__Input data__.
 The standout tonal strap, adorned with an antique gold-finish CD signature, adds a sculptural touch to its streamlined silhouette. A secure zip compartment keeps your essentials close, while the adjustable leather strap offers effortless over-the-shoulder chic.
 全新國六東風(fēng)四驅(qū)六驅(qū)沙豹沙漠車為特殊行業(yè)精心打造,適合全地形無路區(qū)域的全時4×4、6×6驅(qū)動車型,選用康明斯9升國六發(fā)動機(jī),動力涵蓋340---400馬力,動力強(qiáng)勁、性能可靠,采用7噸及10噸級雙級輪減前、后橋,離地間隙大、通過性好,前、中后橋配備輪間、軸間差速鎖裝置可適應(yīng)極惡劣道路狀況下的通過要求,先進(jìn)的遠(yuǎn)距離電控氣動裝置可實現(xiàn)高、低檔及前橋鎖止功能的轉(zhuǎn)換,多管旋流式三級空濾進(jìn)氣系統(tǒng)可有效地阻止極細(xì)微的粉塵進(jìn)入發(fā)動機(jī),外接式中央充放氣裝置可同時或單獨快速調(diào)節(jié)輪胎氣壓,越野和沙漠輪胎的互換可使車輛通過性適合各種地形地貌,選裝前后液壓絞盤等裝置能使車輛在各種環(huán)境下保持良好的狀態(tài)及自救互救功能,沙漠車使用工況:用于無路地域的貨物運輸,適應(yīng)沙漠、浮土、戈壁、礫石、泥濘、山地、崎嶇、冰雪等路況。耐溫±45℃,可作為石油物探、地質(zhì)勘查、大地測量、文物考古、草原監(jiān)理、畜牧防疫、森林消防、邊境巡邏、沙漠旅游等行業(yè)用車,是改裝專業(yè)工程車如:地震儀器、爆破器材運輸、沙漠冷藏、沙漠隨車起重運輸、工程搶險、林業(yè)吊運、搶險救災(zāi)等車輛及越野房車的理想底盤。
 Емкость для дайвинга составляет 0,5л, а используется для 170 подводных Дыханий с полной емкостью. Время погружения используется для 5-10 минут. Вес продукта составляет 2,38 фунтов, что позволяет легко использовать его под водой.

__Problem requirements__.
Transcribe all of the data, keeping every line identical.

__Task output__.
 The standout tonal strap, adorned with an antique gold-finish CD signature, adds a sculptural touch to its streamlined silhouette. A secure zip compartment keeps your essentials close, while the adjustable leather strap offers effortless over-the-shoulder chic.
 全新國六東風(fēng)四驅(qū)六驅(qū)沙豹沙漠車為特殊行業(yè)精心打造,適合全地形無路區(qū)域的全時4×4、6×6驅(qū)動車型,選用康明斯9升國六發(fā)動機(jī),動力涵蓋340---400馬力,動力強(qiáng)勁、性能可靠,采用7噸及10噸級雙級輪減前、后橋,離地間隙大、通過性好,前、中后橋配備輪間、軸間差速鎖裝置可適應(yīng)極惡劣道路狀況下的通過要求,先進(jìn)的遠(yuǎn)距離電控氣動裝置可實現(xiàn)高、低檔及前橋鎖止功能的轉(zhuǎn)換,多管旋流式三級空濾進(jìn)氣系統(tǒng)可有效地阻止極細(xì)微的粉塵進(jìn)入發(fā)動機(jī),外接式中央充放氣裝置可同時或單獨快速調(diào)節(jié)輪胎氣壓,越野和沙漠輪胎的互換可使車輛通過性適合各種地形地貌,選裝前后液壓絞盤等裝置能使車輛在各種環(huán)境下保持良好的狀態(tài)及自救互救功能,沙漠車使用工況:用于無路地域的貨物運輸,適應(yīng)沙漠、浮土、戈壁、礫石、泥濘、山地、崎嶇、冰雪等路況。耐溫±45℃,可作為石油物探、地質(zhì)勘查、大地測量、文物考古、草原監(jiān)理、畜牧防疫、森林消防、邊境巡邏、沙漠旅游等行業(yè)用車,是改裝專業(yè)工程車如:地震儀器、爆破器材運輸、沙漠冷藏、沙漠隨車起重運輸、工程搶險、林業(yè)吊運、搶險救災(zāi)等車輛及越野房車的理想底盤。
 Емкость для дайвинга составляет 0,5л, а используется для 170 подводных Дыханий с полной емкостью. Время погружения используется для 5-10 минут. Вес продукта составляет 2,38 фунтов, что позволяет легко использовать его под водой.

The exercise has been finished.